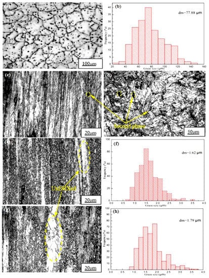 Optical micrographs and average grain size of alloy extruded at different temperatures: (a,b) As-cast; (c,d) 250 °C; (e,f) 300 °C; (g,h) 350 °C.
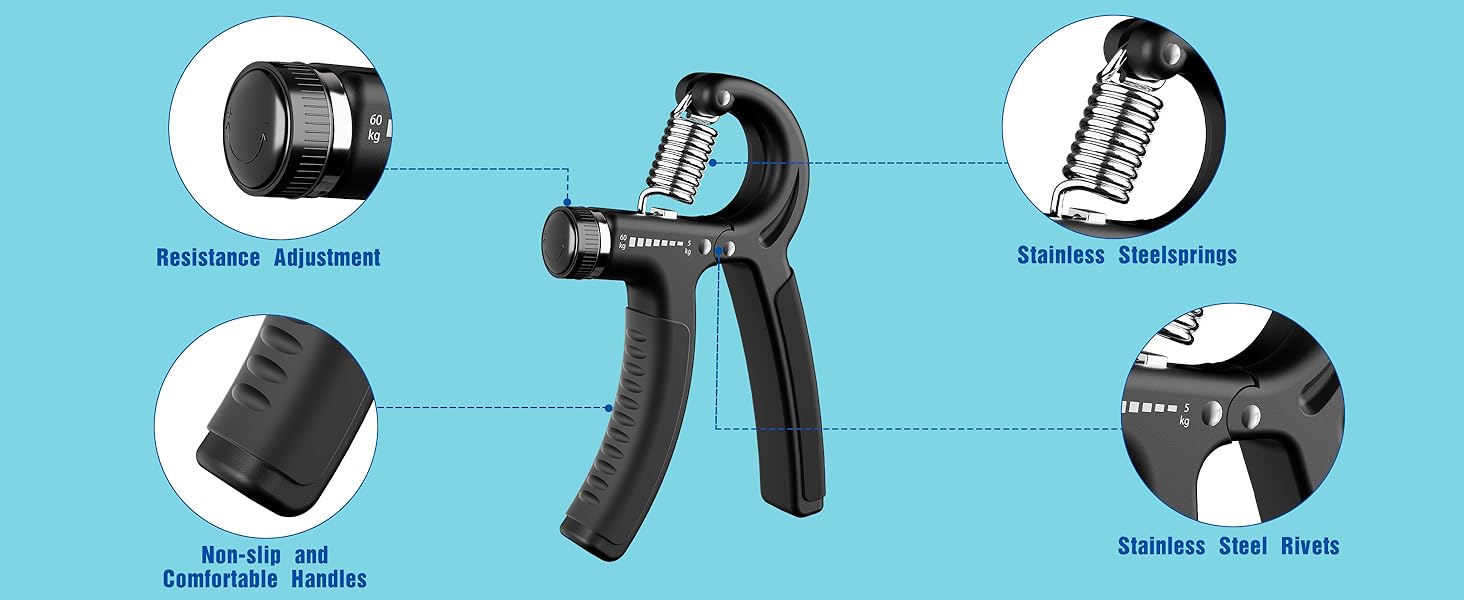 ADJUSTABLE RESISTANCE: According to the needs of exercise, you can adjust the grip force in the range of 5kg-60kg (11-110 Lbs), which is very suitable for men and women who want to exercise grip strength
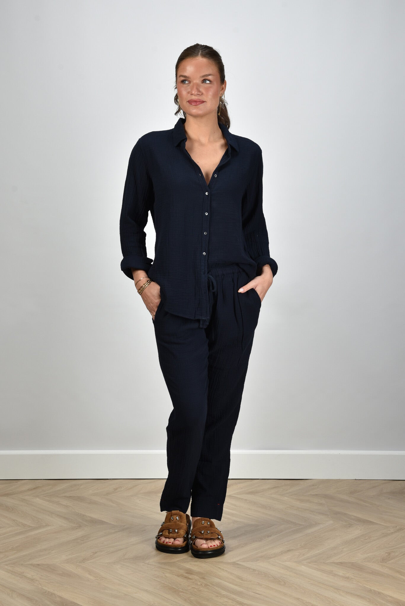 Zie hier de Xirena broek Jordyn in North Star blauw. Deze stijlvolle broek is vervaardigd uit 100% katoen en biedt een normale pasvorm, ideaal voor dagelijks gebruik. Lise draagt maat 38/M/28 bij een lengte van 1,73m. Koud wassen aanbevolen. Artikelnummer: X7CHG006.
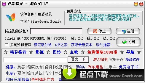 一款采集屏幕颜色的软件,软件不大,但是功能强大,实用性强,易操作,对网页设计师、photoshop、corldraw等平面设计师处理颜色是一个非常好的帮手,特别对网页设计师有更大的帮助,本软件会自动生成网页十六进制代码,只要在网页代码内粘贴就可以把想要的颜色显示在网页上;还能分离红、绿、蓝三颜色值;可以对三种颜色做不同的调整;如此酷的工具还不快快下载,把她带回家?^-^
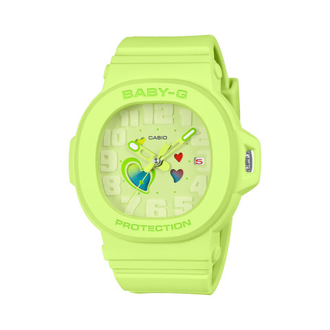 The whimsical and dynamic face design automatically brings something new each day. The colors peeping through the four heart-shaped openings, which change as the color wheel beneath the dial rotates daily, and the colorful date display bring a note of fun to your everyday. You can also change the colors any time by rotating the crown to suit your mood.
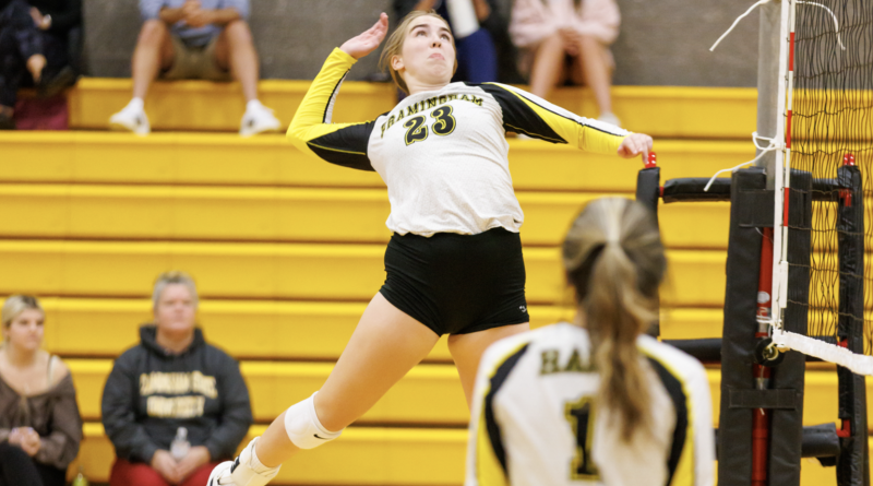 FRAMINGHAM – The Framingham High girls volleyball team hosted the Raiders of Wellesley High this afternoon, October 18. The Raiders won 3-0. Photos by Mike Spring
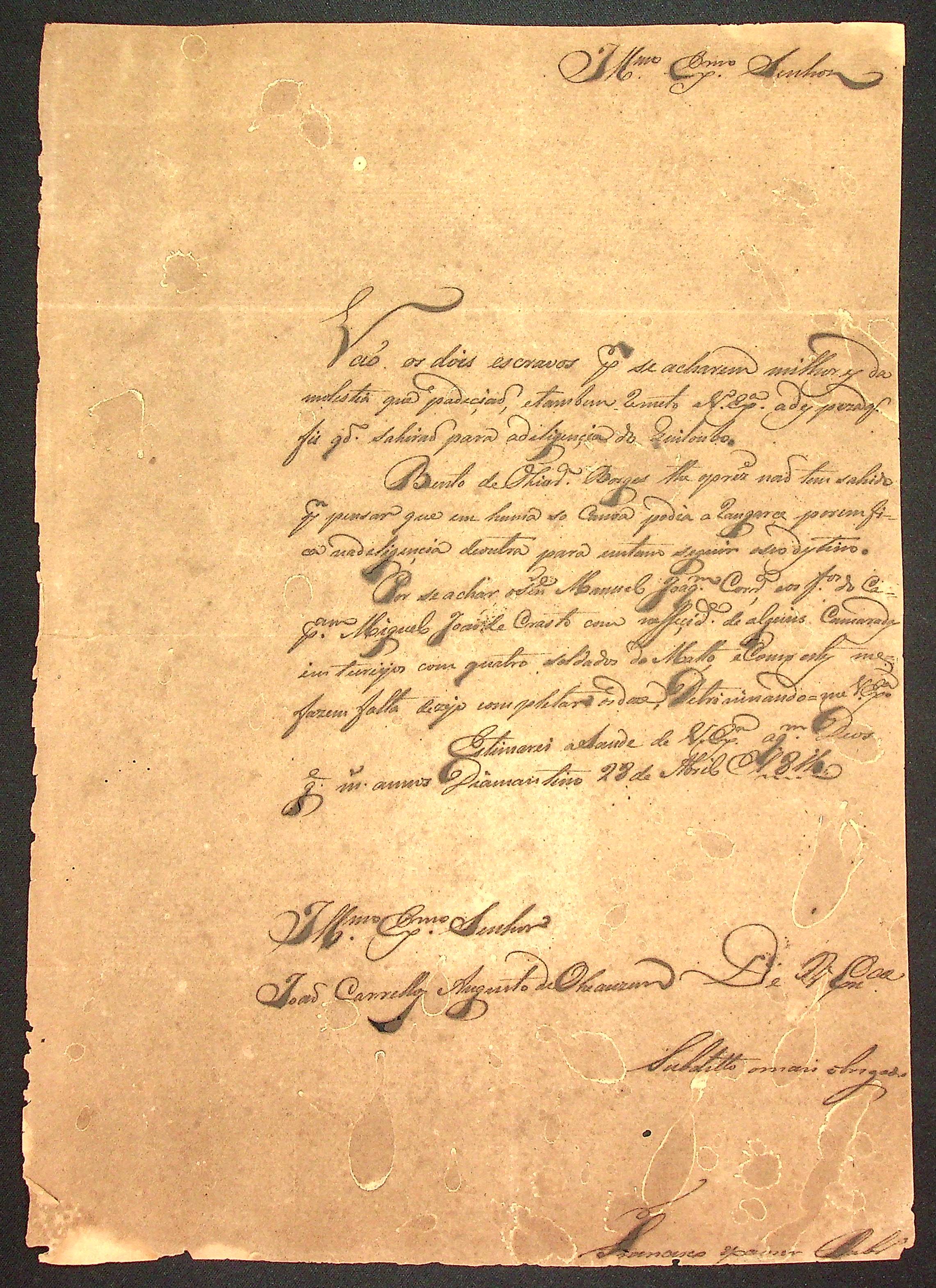 CARTA de Francisco Xavier Ribeiro ao [Governador e Capitão-General da Capitania de Mato Grosso] João Carlos Augusto d’Oeynhausen e Gravenberg.

* * *

Return every line above verbatim, pictures excluded.

 Optical micrographs and average grain size of alloy extruded at different temperatures: (a,b) As-cast; (c,d) 250 °C; (e,f) 300 °C; (g,h) 350 °C.
 ADJUSTABLE RESISTANCE: According to the needs of exercise, you can adjust the grip force in the range of 5kg-60kg (11-110 Lbs), which is very suitable for men and women who want to exercise grip strength
 Zie hier de Xirena broek Jordyn in North Star blauw. Deze stijlvolle broek is vervaardigd uit 100% katoen en biedt een normale pasvorm, ideaal voor dagelijks gebruik. Lise draagt maat 38/M/28 bij een lengte van 1,73m. Koud wassen aanbevolen. Artikelnummer: X7CHG006.
 一款采集屏幕颜色的软件,软件不大,但是功能强大,实用性强,易操作,对网页设计师、photoshop、corldraw等平面设计师处理颜色是一个非常好的帮手,特别对网页设计师有更大的帮助,本软件会自动生成网页十六进制代码,只要在网页代码内粘贴就可以把想要的颜色显示在网页上;还能分离红、绿、蓝三颜色值;可以对三种颜色做不同的调整;如此酷的工具还不快快下载,把她带回家?^-^
 The whimsical and dynamic face design automatically brings something new each day. The colors peeping through the four heart-shaped openings, which change as the color wheel beneath the dial rotates daily, and the colorful date display bring a note of fun to your everyday. You can also change the colors any time by rotating the crown to suit your mood.
 FRAMINGHAM – The Framingham High girls volleyball team hosted the Raiders of Wellesley High this afternoon, October 18. The Raiders won 3-0. Photos by Mike Spring
 CARTA de Francisco Xavier Ribeiro ao [Governador e Capitão-General da Capitania de Mato Grosso] João Carlos Augusto d’Oeynhausen e Gravenberg.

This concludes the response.